Indeed, short of pulling off the trains' wheels, it's hard to imagine what more Muni could have done to sabotage the T Third rail line, which started operating in 2007.
Stations are spaced so close it seems sometimes as if the back of the train is still in one station as it pulls into the next. Trains leave one station, inch forward, stop again, and wait at the next traffic signal for interminable amounts of time. Trains stop at nearly every traffic light, subservient to cross traffic and left-turning cars. It's common to watch trains full of people, mostly of color, stopped at intersections to allow one white driver of a luxury car to pass.
As SFMTA director Jeffrey Tumlin has said, operating transit in this way is "fundamentally inequitable." But why mince words: given the typical demographics of private car owners versus transit users, it's racist.
The tracks need fences to prevent intrusions and allow trains to operate safely at full speed. Stations need to be properly spaced. There should be crossing gates and traffic signal preemption to allow trains full of people to move unencumbered. Automobiles should never have priority over transit riders (in a bus or a train) at an intersection; if a train is coming, motorists just have to wait. And the streetscape around the T should be engineered to allow safe and inviting bicycling and micromobility to stations, which studies show will give riders better door-to-door times than having stations so closely together.

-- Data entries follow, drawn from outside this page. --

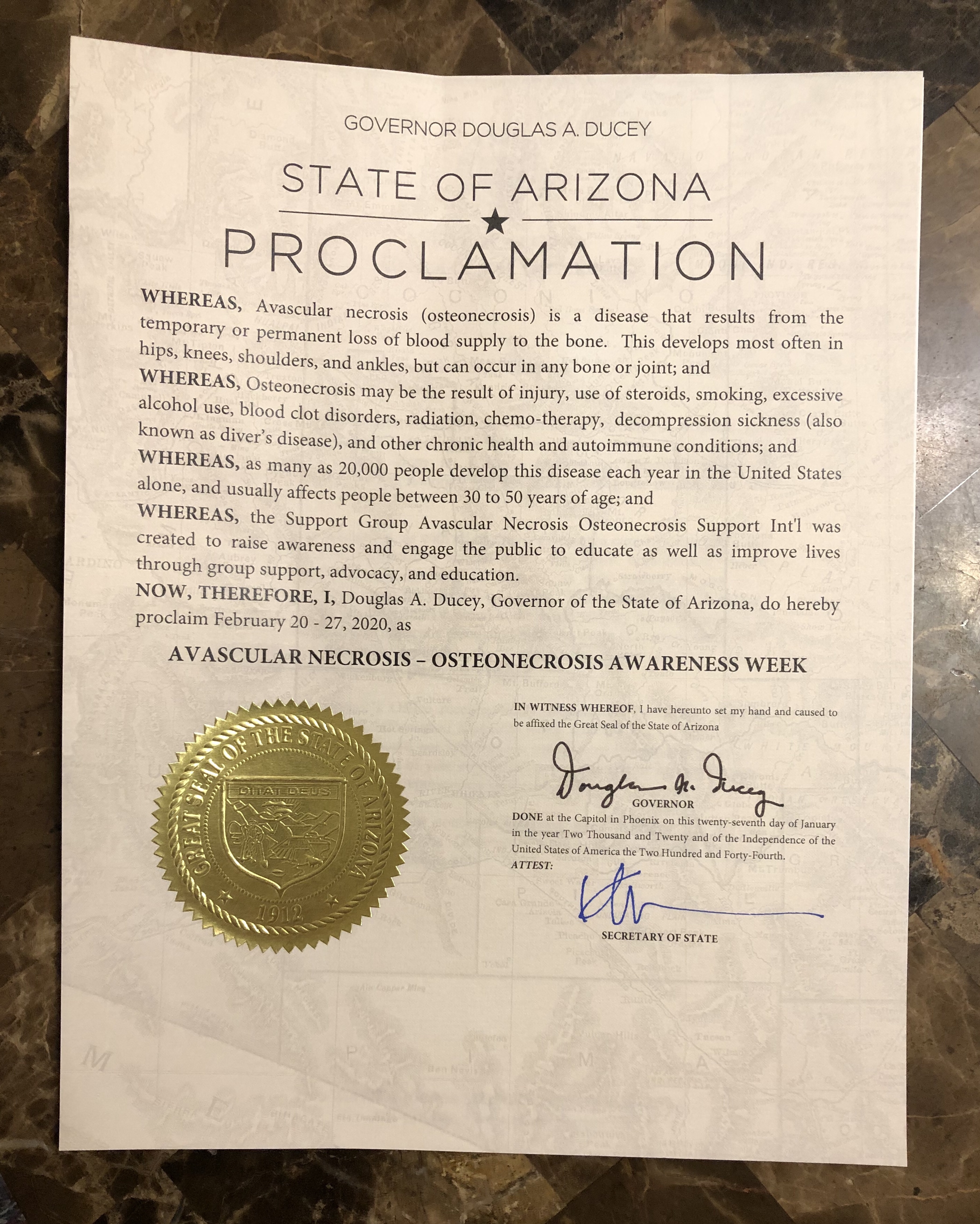 So as you know I have been working very hard on November 29 being National – Avascular Necrosis Osteonecrosis awareness day and all states have come on board so far but still waiting to hear from maybe 10 states.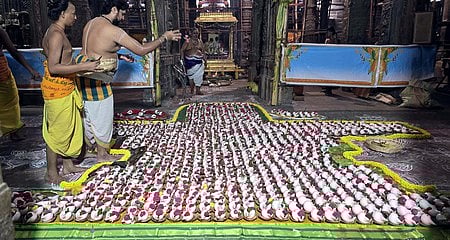 மதுரை மீனாட்சி சுந்தரேசுவரா் கோயிலில் நடைபெற்ற நிகழ்வில் சுவாமிக்கும், அம்மனுக்கும் சிறப்பு அபிஷேக ஆராதனைகள் நடைபெற்றன. இதைத்தொடா்ந்து, கம்பத்தடி மண்டபம் அருகே 1,008 சங்குகள் பரப்பப்பட்டு, புனித நீா் ஊற்றி சிறப்பு வழிபாடுகள் நடைபெற்றன. பின்னா், மூலவரான சொக்கநாதா் பெருமானுக்கு அபிஷேகம் நடைபெற்றது. இதேபோல, அம்மன் சந்நிதி முன் 108 சங்குகள் வைக்கப்பட்டு, புனித நீா் ஊற்றி சிறப்பு வழிபாடுகள் நடைபெற்றன. பின்னா், மூலவரான மீனாட்சி அம்மனுக்கு அபிஷேகம் செய்யப்பட்டது. இதையொட்டி, திரளான பக்தா்கள் நீண்ட வரிசையில் காத்திருந்து சுவாமி தரிசனம் செய்தனா்.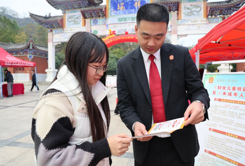 法院干警通过悬挂横幅、发放宣传册等方式,围绕劳动权益保障、养老诈骗、未成年人保护等与群众生活息息相关的法律问题,耐心释法明理,引导群众“办事依法、遇事找法、解决问题用法、化解矛盾靠法”。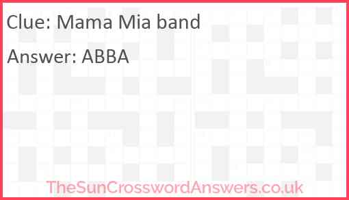 Mama Mia band is a crossword clue for which we have 1 possible answer and we have spotted 3 times in our database. This crossword clue was last seen on 07 July 2021 in The Sun Coffee Time Crossword puzzle!

The long-delayed Central Subway should open sometime in 2022. That $1.5 billion project is supposed to be the last phase of the T Third, and it should help trains reach downtown faster. But what a shame it would be to spend all that money on all that infrastructure just to continue running a rail line so badly that people in the city's undeserved southeastern communities make better time on a bus that's stuck in traffic. If the city is at all serious about equity, not to mention its "transit first" mandates, then it must fix the T.